Work task: Repeat, exactly as they appear, the lines from the one with "HISTORY OF OBJECT: A" through the last line of the entries below, but none of the pictures.

################

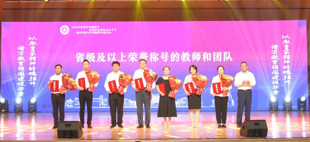表彰会以《老师我想你》等歌曲的深情演唱共同重温教育情怀,诠释精神传承;在《我和我的祖国》的激昂歌声中圆满落幕。
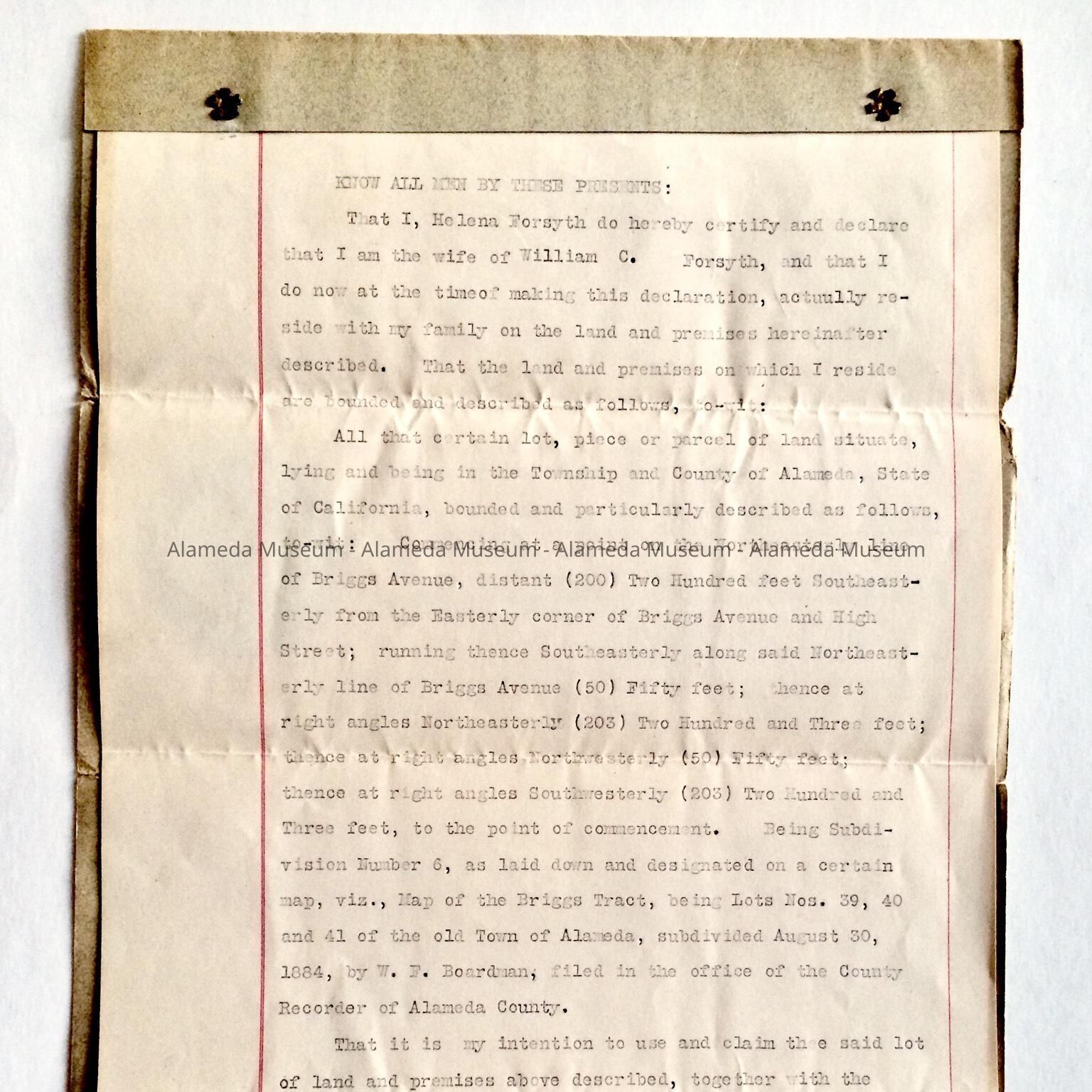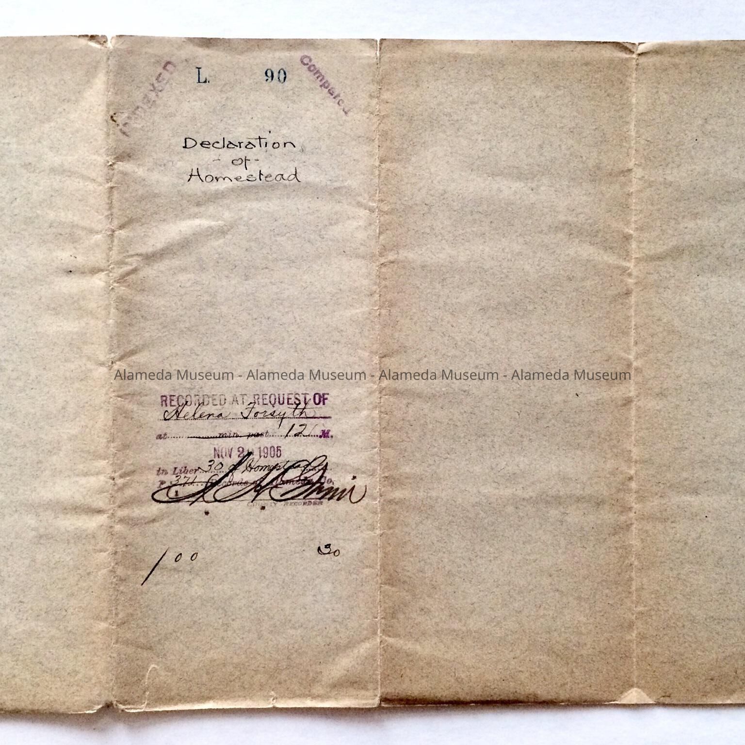 HISTORY OF OBJECT: A DECLARATION OF HOMESTEAD RECORDING THE REQUEST OF HELENA FORSYTH, DATED NOVEMBER 20, 1905 FOR THE PROPERTY 3219 BRIGGS AVENUE, ALAMEDA.
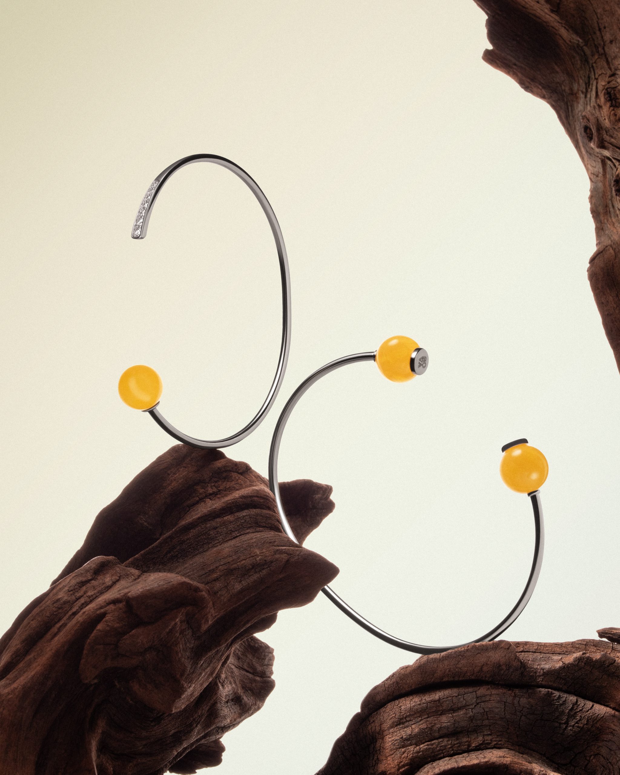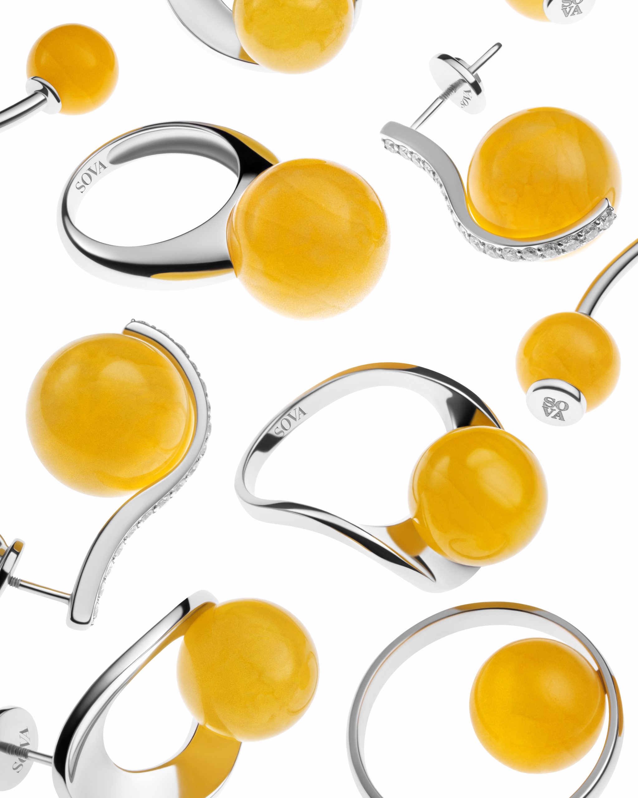 До колекції увійшли кольє, браслети, каблучки, сережки та кафа. Окремі прикраси оздоблені діамантами, що додають переливи світла до яскравих вставок. Арткоманда SOVA розкрила бурштин по-новому — сучасно та виразно. Його теплий природний відтінок контрастує з кольором білого металу. Вигини золота огортають бурштинові сфери, ніби створюють баланс між динамікою та статикою. Серед акцентних прикрас — мінімалістичні жорсткі кольє та каблучка на два пальці, лінії яких повторюють природні форми.
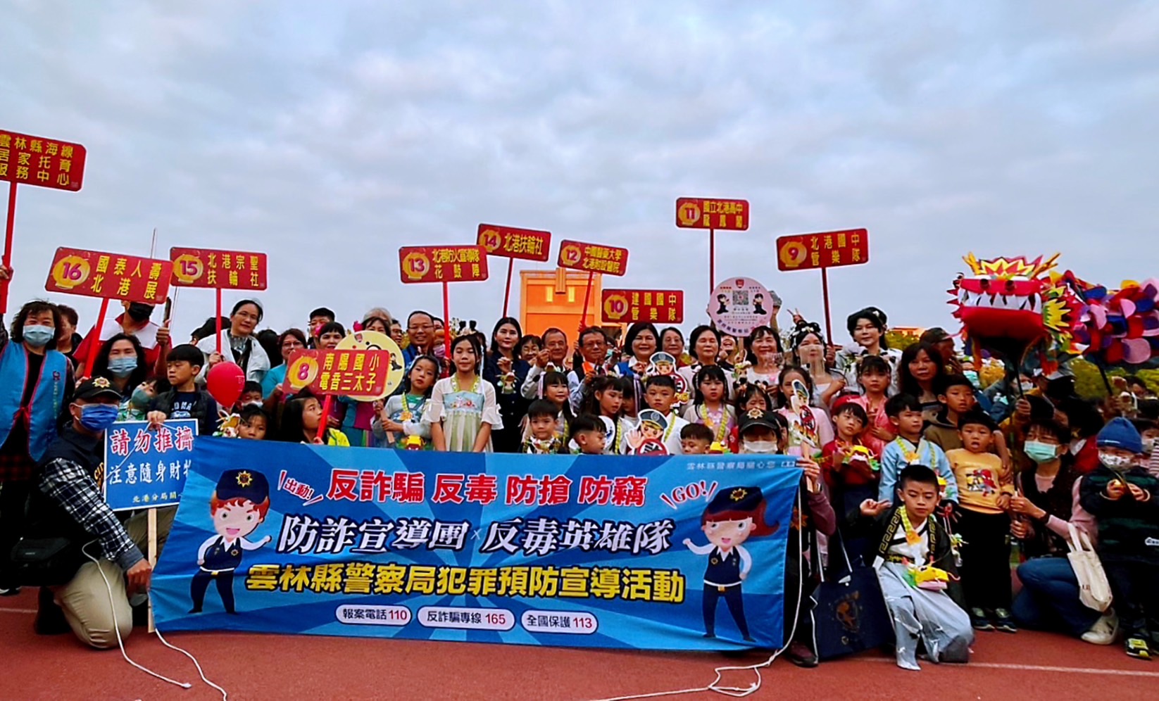 雲林縣政府、笨港媽祖文教基金會、北港鎮公所、朝天宮及在地機關、社團、學校共同攜手合作,於24日元宵節晚間引萬年聖火舉辦千人提燈踩街活動,隨著電音三太子及舞龍舞獅熱情澎湃的敲舞曲中,縣長張麗善、文化觀光處處長陳璧君到場與鄉親一起同樂。現場另與分局長張澤銘一同響應反詐氛圍,提醒民眾重視反詐騙訊息、學會辨識詐騙電話手法,以免上當受騙。
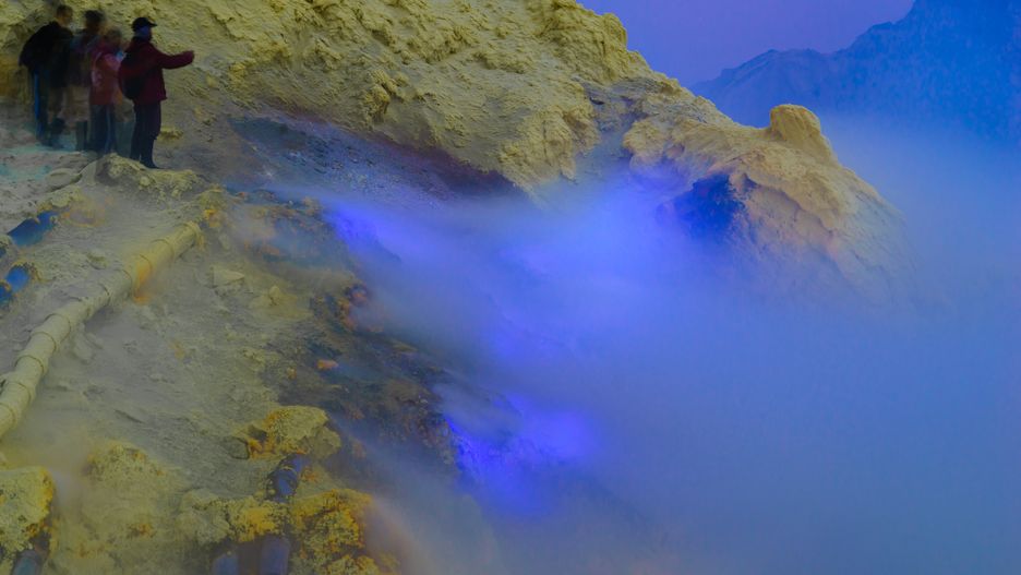 Para wspięła się na szczyt aktywnego wulkanu, aby zobaczyć z niego wschód słońca i zrobić sobie zdjęcie na tle niebieskiego ognia. Jest to zjawisko, które występuje w wyniku spalania gazów siarkowych.

################

Output below:
 HISTORY OF OBJECT: A DECLARATION OF HOMESTEAD RECORDING THE REQUEST OF HELENA FORSYTH, DATED NOVEMBER 20, 1905 FOR THE PROPERTY 3219 BRIGGS AVENUE, ALAMEDA.
 До колекції увійшли кольє, браслети, каблучки, сережки та кафа. Окремі прикраси оздоблені діамантами, що додають переливи світла до яскравих вставок. Арткоманда SOVA розкрила бурштин по-новому — сучасно та виразно. Його теплий природний відтінок контрастує з кольором білого металу. Вигини золота огортають бурштинові сфери, ніби створюють баланс між динамікою та статикою. Серед акцентних прикрас — мінімалістичні жорсткі кольє та каблучка на два пальці, лінії яких повторюють природні форми.
 雲林縣政府、笨港媽祖文教基金會、北港鎮公所、朝天宮及在地機關、社團、學校共同攜手合作,於24日元宵節晚間引萬年聖火舉辦千人提燈踩街活動,隨著電音三太子及舞龍舞獅熱情澎湃的敲舞曲中,縣長張麗善、文化觀光處處長陳璧君到場與鄉親一起同樂。現場另與分局長張澤銘一同響應反詐氛圍,提醒民眾重視反詐騙訊息、學會辨識詐騙電話手法,以免上當受騙。
 Para wspięła się na szczyt aktywnego wulkanu, aby zobaczyć z niego wschód słońca i zrobić sobie zdjęcie na tle niebieskiego ognia. Jest to zjawisko, które występuje w wyniku spalania gazów siarkowych.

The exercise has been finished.